I2 Is Subject to the Same Statistical Power Problems as Cochran's Q

I2 Is Subject to the Same Statistical Power Problems as Cochran’s Q

Tania Huedo-Medina, post-doctoral fellow1,2, Blair T Johnson, professor
of psychology

1Center for Health, Intervention, and Prevention
(CHIP), University of Connecticut, 2006 Hillside Road, Unit 1248, Storrs, CT
06269-1248 USA. 2Correspondence: tania.huedo-medina{at}

In their popular article, Higgins and
colleagues (2003) provided a valuable explanation about the importance of
assessing heterogeneity in overall meta-analytic findings, and how their new
index helps scholars to attain this goal. As these authors review, there are
three general ways to assess heterogeneity in meta-analysis, but each has a
liability for interpretation. First, one can assess the between-studies variance,
τ2, but its values depend on the particular effect size metric
used, along with other factors. The second is Cochran’s Q, which follows a chi-square distribution to make inferences about
the null hypothesis of homogeneity. (It is actually not a test of heterogeneity, as Higgins and colleagues
assert, but of the hypothesis of homogeneity.) The problem with Q is that it has a poor power to detect
the true heterogeneity when the number of studies is small. Because neither of
these first two methods has a standardized scale, they are poorly equipped to
make comparisons of the degree of homogeneity across meta-analyses.

The third and final way to assess the
heterogeneity is calculating a scale-free index of variability. The Birge ratio, originated in 1932, has been the most commonly
used scale-free index to quantify the consistency of study findings; it is
defined as the ratio of a chi-square to its degrees of freedom. Because the
degrees of freedom are the expected value of each chi-square, when the
chi-square shows only random variation, the Birge
ratio is close to 1.00. Thus, to the extent that the Birge
ratio exceeds 1.00, results of a set of studies lack homogeneity. That is, they
are more varied than one can expect based merely on sampling error.
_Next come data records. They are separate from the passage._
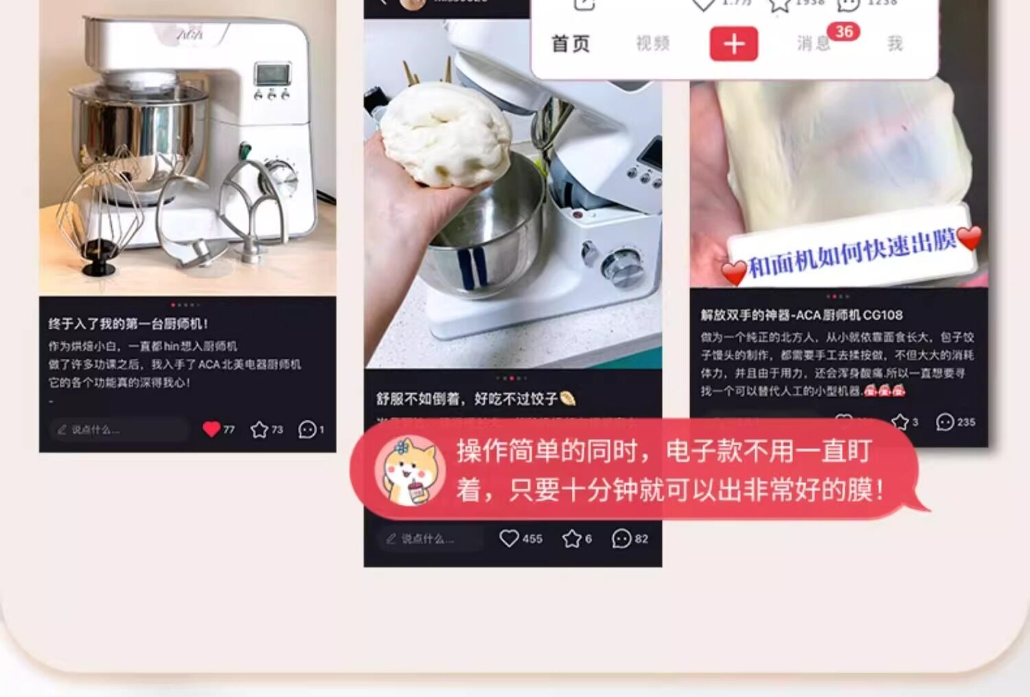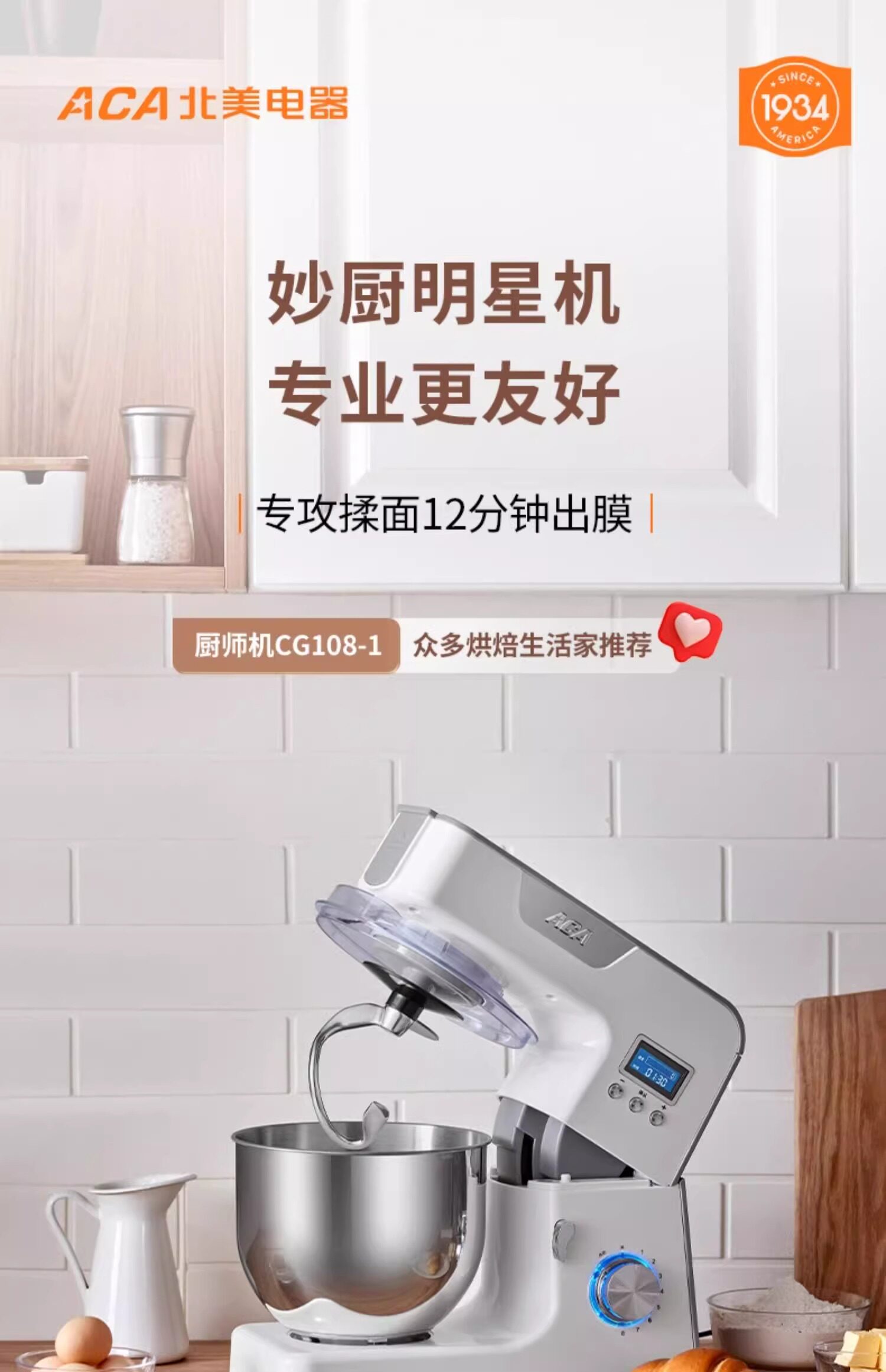 ACA North American Electrical Appliance Chef Machine household multi-functional small dough mixing and kneading dough fully automatic dough mixer
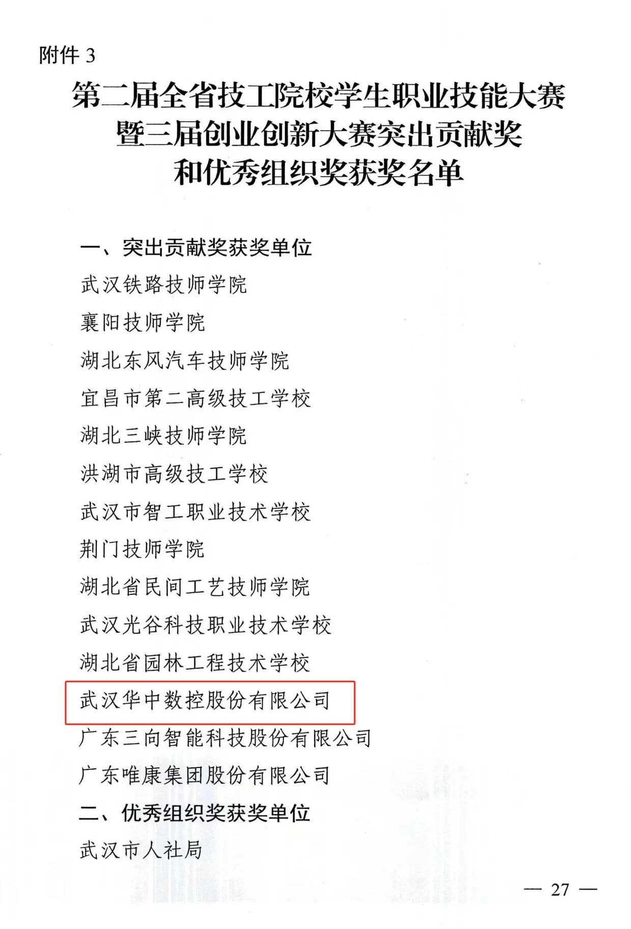 近日,湖北省人社廳發(fā)布關于表揚2023年“湖北工匠杯”技能大賽——湖北省第二屆技工院校學生職業(yè)技能大賽暨第三屆創(chuàng)業(yè)創(chuàng)新大賽獲獎選手和單位的通報,華中數(shù)控獲湖北省第二屆全省技工院校學生職業(yè)技能大賽暨第三屆創(chuàng)業(yè)創(chuàng)新大賽...
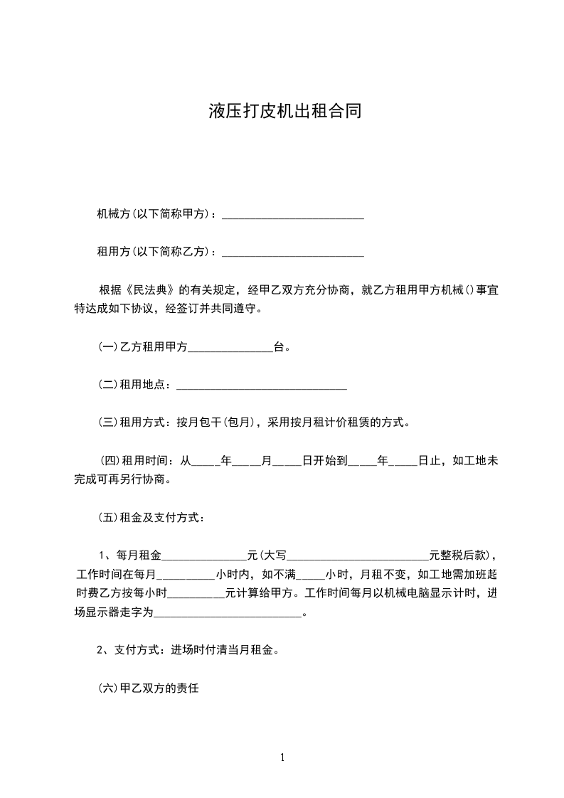 根据《民法典》的有关规定,经甲乙双方充分协商,就乙方租用甲方机械()事宜特达成如下协议,经签订并共同遵守。

Higgins and Thompson (2002; Higgins et al.,
2003) extended the Birge ratio to the I2 index in an effort to
overcome the shortcomings of Q and
τ2. Like the Birge ratio, the I2 index is a scale-free
index of variability in defining the ratio of Q in relation to its degrees of freedom. The advantage of this new
index is its easier interpretation because it defines variability along a
scale-free range as a percentage from 0 to 100%. Although Higgins et al. claimed
that an advantage of the I2
index is that it “does not inherently depend on the number of studies in the
meta-analysis” (p. 559), they provided no evidence to support this claim.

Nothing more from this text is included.